The Entra object ID used for Purview protectionScopes / processContent is resolved in trust order (strongest first) so a client cannot override the authenticated LiteLLM user by setting metadata[user_id_field]:

  1. user_api_key_dict.user_id — user tied to the LiteLLM API key
  2. user_api_key_dict.end_user_id — end-user on the key
  3. metadata["user_api_key_user_id"] — value the proxy injects from the key (when present)
  4. metadata[user_id_field] — caller-supplied (e.g. default metadata["user_id"]); used only when none of the above are set

If none of these resolve to a value, the DLP check is skipped and a warning is logged.

The logging-only hook uses the same order via proxy metadata (litellm_params.metadata).

Enabling per request​

When default_on: false, you can opt individual requests in or out:

curl -X POST http://localhost:4000/v1/chat/completions \
-H "Content-Type: application/json" \
-H "Authorization: Bearer sk-1234" \
-d '{
"model": "gpt-4o",
"messages": [{"role": "user", "content": "Hello"}],
"guardrails": ["purview-prompt-dlp"],
"metadata": {"user_id": "<entra-user-object-id>"}
}'

How it works​

  1. Token acquisition — The guardrail uses the OAuth2 client credentials grant to get a Microsoft Graph bearer token. Tokens are cached until 60 seconds before expiry.

  2. Protection scope computation — Before each DLP check, the guardrail calls protectionScopes/compute for the user to retrieve the ETag representing current policy state. Results are cached per user for 1 hour (per Microsoft's recommendation). If the processContent response indicates policies have changed (protectionScopeState: modified), the cache is invalidated.

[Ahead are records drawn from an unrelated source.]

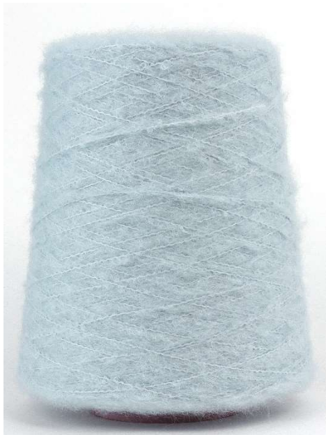
Farbe Waterblue Farbnummer. I98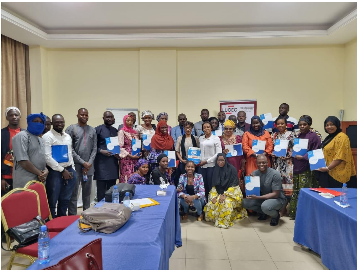
Figure 20 : Participation du RENAJFFERM à l'atelier de certification sur la Gestion stratégique de Projet financé par l'ENAP du CANADA ;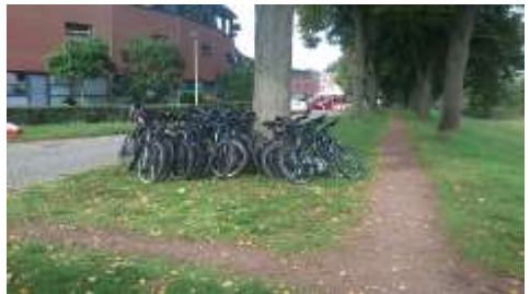
De mountainbikes staan al klaar voor de start.....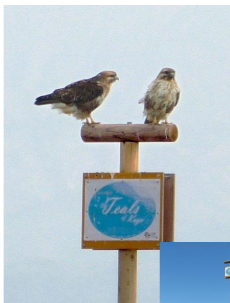
●猛禽ポストの設置事例（加賀市柴山潟）

かつて水田周辺には天日干しに用いる「はさ掛け」用のやぐら木材や立木が必ずあり、これが猛禽類にとって重要な止まり木になっていましたが、機械乾燥が中心となった現在は同様の機能が失われています。とくに、広大な干拓農地では止まり木が全くないため、ポストを設置することで多種多様な鳥類が利用することが考えられます。またブランド米の生産圃場の場合、ブランド米のラベル等の看板等を設置することで効果的な普及啓発ツールにもなります。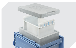
Thermo-Isolier-Sets für Mehrwegbehälter MB 77-31364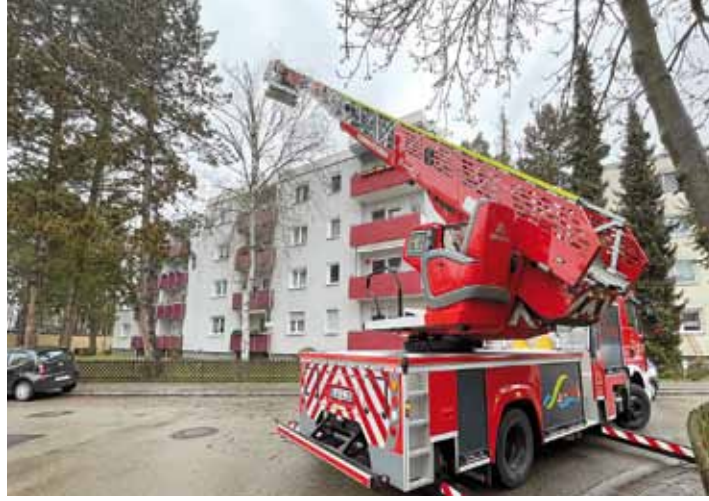
Einsatz Nr. 177/2021 - 29.12.2021 11:45 Uhr Äste drohen zu fallen Tannenstr., Röthenbach/Peg.

  3. Content evaluation — The guardrail calls processContent with the text and an activityMetadata.activity of uploadText (prompts) or downloadText (responses). Chat (/v1/chat/completions): pre-call concatenates string content from every message (all roles); post-call uses assistant message.content from every chat choice when n > 1. Legacy text completions (/v1/completions): pre-call uses the prompt field (string or list of strings; token-id-only prompts are skipped); post-call uses text from every TextChoices entry.

  4. Block decision — If any policyActions entry has @odata.type containing restrictAccessAction and restrictionAction: "block", the guardrail raises an HTTP 400.

  5. Audit logging — In all modes, guardrail results are recorded in metadata.standard_logging_guardrail_information and flow to configured observability backends (Langfuse, Datadog, OTEL, etc.).